# [EXERCISE DESCRIPTION]
Although the data below contains pictures, output only the lines between those holding "All man-made materials" and "If you dug the", inclusive, exactly and without those pictures.

# [DATA LISTING]
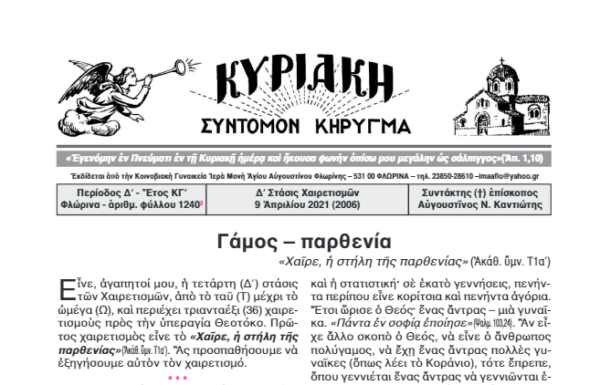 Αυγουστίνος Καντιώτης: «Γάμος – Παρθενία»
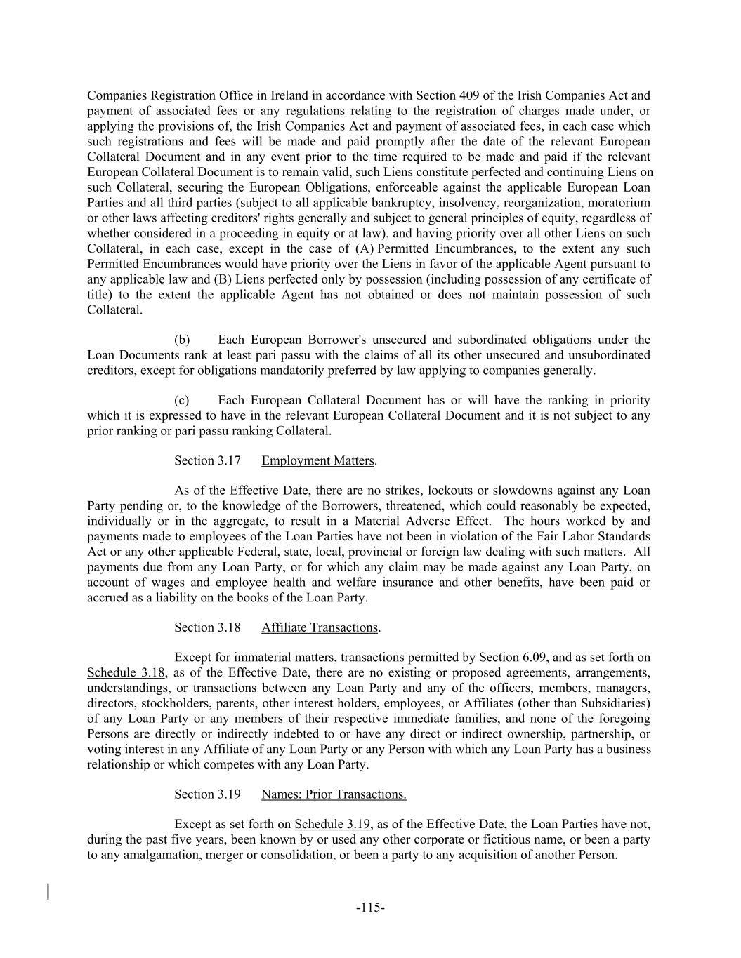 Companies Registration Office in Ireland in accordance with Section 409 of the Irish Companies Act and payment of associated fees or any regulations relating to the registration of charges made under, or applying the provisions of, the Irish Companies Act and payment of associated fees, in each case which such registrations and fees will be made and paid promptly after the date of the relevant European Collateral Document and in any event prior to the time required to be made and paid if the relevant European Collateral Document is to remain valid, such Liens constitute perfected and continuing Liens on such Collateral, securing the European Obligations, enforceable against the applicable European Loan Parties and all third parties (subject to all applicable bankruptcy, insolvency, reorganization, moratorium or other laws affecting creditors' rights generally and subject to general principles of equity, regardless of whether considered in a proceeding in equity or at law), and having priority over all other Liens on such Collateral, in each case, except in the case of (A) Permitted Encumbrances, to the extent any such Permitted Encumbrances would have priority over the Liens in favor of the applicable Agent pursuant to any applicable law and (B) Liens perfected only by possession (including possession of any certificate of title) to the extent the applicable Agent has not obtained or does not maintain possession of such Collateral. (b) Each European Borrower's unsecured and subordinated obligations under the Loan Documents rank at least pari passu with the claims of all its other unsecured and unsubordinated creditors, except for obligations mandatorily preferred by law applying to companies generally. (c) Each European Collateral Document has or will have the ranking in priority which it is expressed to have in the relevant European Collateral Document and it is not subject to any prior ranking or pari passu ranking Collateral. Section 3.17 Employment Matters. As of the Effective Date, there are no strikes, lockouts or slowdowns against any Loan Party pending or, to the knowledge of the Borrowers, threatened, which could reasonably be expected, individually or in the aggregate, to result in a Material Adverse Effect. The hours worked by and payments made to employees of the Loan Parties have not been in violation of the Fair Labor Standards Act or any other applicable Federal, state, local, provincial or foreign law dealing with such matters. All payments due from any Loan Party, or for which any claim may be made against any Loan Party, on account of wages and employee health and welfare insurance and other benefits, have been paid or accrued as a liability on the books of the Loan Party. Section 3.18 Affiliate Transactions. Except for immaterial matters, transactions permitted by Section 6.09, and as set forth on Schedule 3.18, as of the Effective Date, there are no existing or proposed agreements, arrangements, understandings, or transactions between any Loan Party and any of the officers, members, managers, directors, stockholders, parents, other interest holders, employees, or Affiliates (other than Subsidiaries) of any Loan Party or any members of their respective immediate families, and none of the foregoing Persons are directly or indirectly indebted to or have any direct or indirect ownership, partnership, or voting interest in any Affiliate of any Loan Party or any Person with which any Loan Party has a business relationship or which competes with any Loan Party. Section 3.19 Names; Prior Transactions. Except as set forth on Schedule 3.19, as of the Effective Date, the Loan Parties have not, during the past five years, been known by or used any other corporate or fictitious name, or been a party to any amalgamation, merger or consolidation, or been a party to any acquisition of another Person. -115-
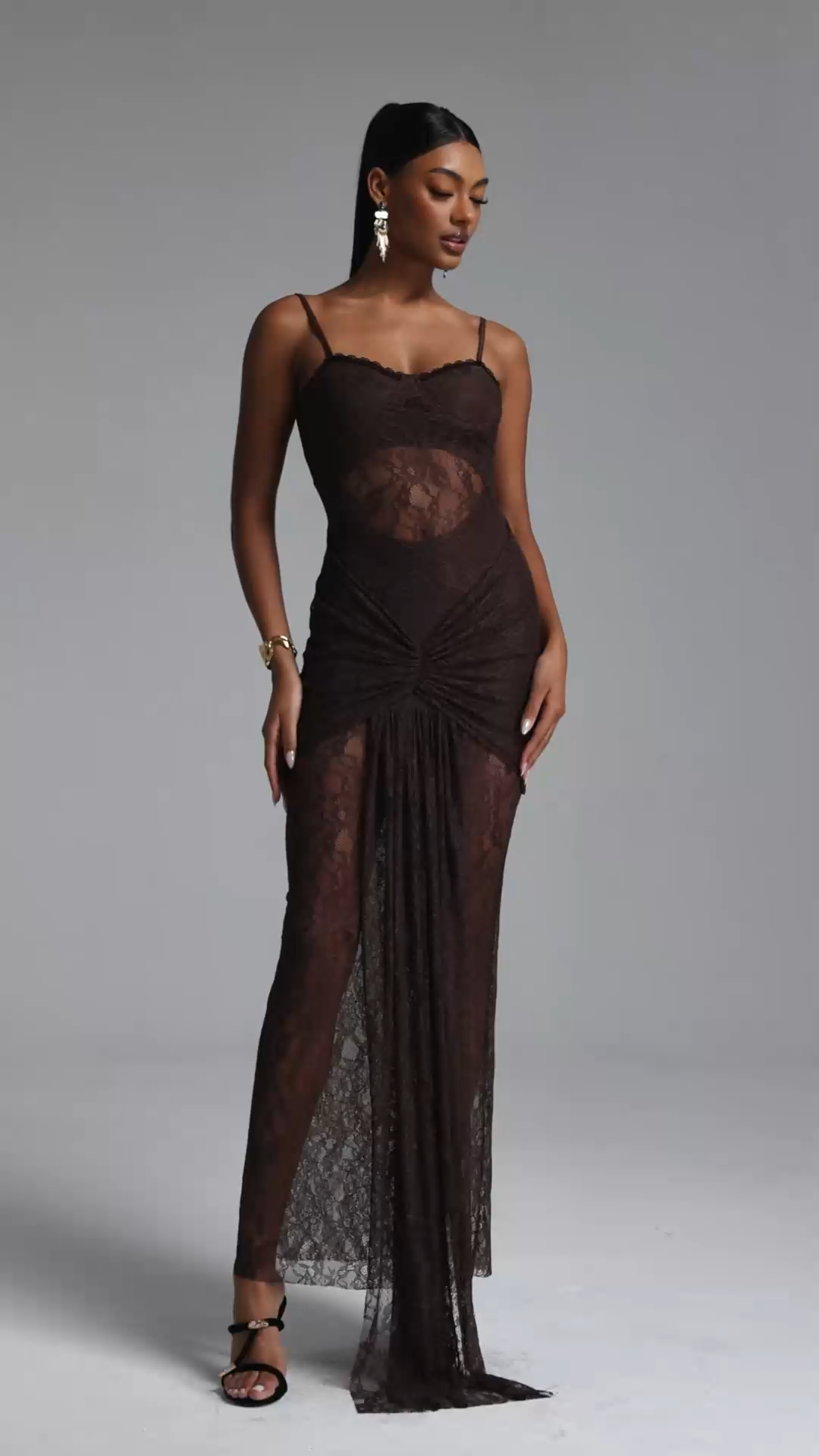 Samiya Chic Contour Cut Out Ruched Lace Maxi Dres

==

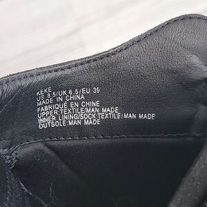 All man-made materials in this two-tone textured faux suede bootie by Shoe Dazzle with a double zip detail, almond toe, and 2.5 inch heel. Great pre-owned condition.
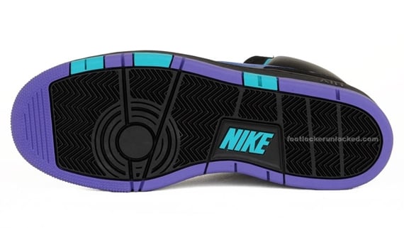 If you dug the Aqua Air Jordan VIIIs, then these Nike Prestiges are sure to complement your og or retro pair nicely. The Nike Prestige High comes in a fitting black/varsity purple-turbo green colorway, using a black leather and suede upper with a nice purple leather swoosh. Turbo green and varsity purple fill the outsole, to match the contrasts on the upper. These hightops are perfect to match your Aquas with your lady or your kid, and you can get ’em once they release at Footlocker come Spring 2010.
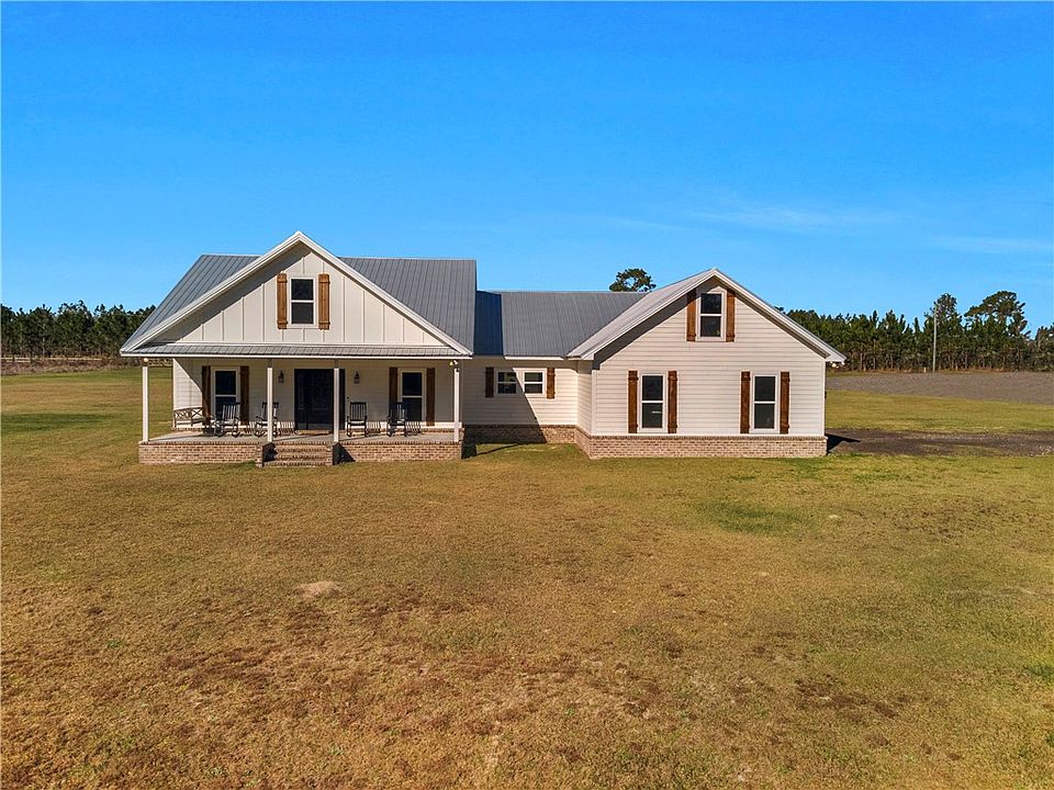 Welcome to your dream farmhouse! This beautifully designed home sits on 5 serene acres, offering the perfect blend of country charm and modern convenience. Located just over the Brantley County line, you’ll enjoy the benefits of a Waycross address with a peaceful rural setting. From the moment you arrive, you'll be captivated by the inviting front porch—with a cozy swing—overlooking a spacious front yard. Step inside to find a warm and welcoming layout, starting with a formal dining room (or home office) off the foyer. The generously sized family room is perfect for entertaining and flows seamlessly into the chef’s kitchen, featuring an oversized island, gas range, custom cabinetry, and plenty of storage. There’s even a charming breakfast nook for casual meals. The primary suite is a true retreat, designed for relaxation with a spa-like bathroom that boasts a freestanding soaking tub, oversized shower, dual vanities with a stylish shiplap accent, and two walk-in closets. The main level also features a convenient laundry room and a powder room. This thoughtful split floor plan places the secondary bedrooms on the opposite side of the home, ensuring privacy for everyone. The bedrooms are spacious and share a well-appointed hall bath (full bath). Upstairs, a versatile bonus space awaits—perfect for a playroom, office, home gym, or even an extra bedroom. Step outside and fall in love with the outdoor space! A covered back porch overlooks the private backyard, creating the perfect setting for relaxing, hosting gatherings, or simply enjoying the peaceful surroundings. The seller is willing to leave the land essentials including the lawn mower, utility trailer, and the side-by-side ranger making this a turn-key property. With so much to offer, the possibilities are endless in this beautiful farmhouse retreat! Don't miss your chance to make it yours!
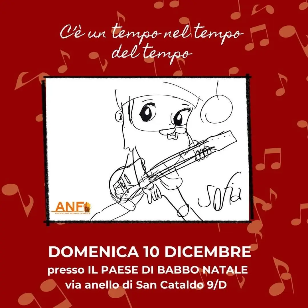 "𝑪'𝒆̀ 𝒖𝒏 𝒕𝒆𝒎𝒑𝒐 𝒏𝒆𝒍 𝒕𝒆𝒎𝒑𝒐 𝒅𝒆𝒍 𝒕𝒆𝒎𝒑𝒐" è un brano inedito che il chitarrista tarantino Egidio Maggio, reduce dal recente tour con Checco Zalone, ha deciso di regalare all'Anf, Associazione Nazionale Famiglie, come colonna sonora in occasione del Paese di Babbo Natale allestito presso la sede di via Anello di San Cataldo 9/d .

...

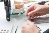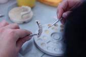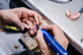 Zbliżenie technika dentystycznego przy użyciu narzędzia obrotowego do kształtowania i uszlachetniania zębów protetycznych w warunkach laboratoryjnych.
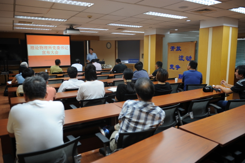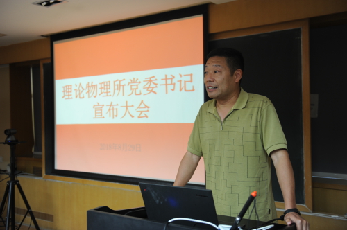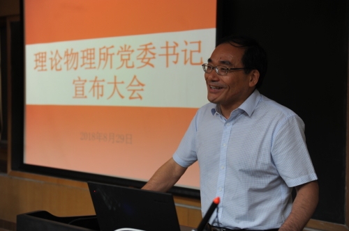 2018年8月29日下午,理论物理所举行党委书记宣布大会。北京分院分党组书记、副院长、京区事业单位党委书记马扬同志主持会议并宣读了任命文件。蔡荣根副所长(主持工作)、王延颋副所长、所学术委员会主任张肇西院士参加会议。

# [YOUR SOLUTION]
 All man-made materials in this two-tone textured faux suede bootie by Shoe Dazzle with a double zip detail, almond toe, and 2.5 inch heel. Great pre-owned condition.
 If you dug the Aqua Air Jordan VIIIs, then these Nike Prestiges are sure to complement your og or retro pair nicely. The Nike Prestige High comes in a fitting black/varsity purple-turbo green colorway, using a black leather and suede upper with a nice purple leather swoosh. Turbo green and varsity purple fill the outsole, to match the contrasts on the upper. These hightops are perfect to match your Aquas with your lady or your kid, and you can get ’em once they release at Footlocker come Spring 2010.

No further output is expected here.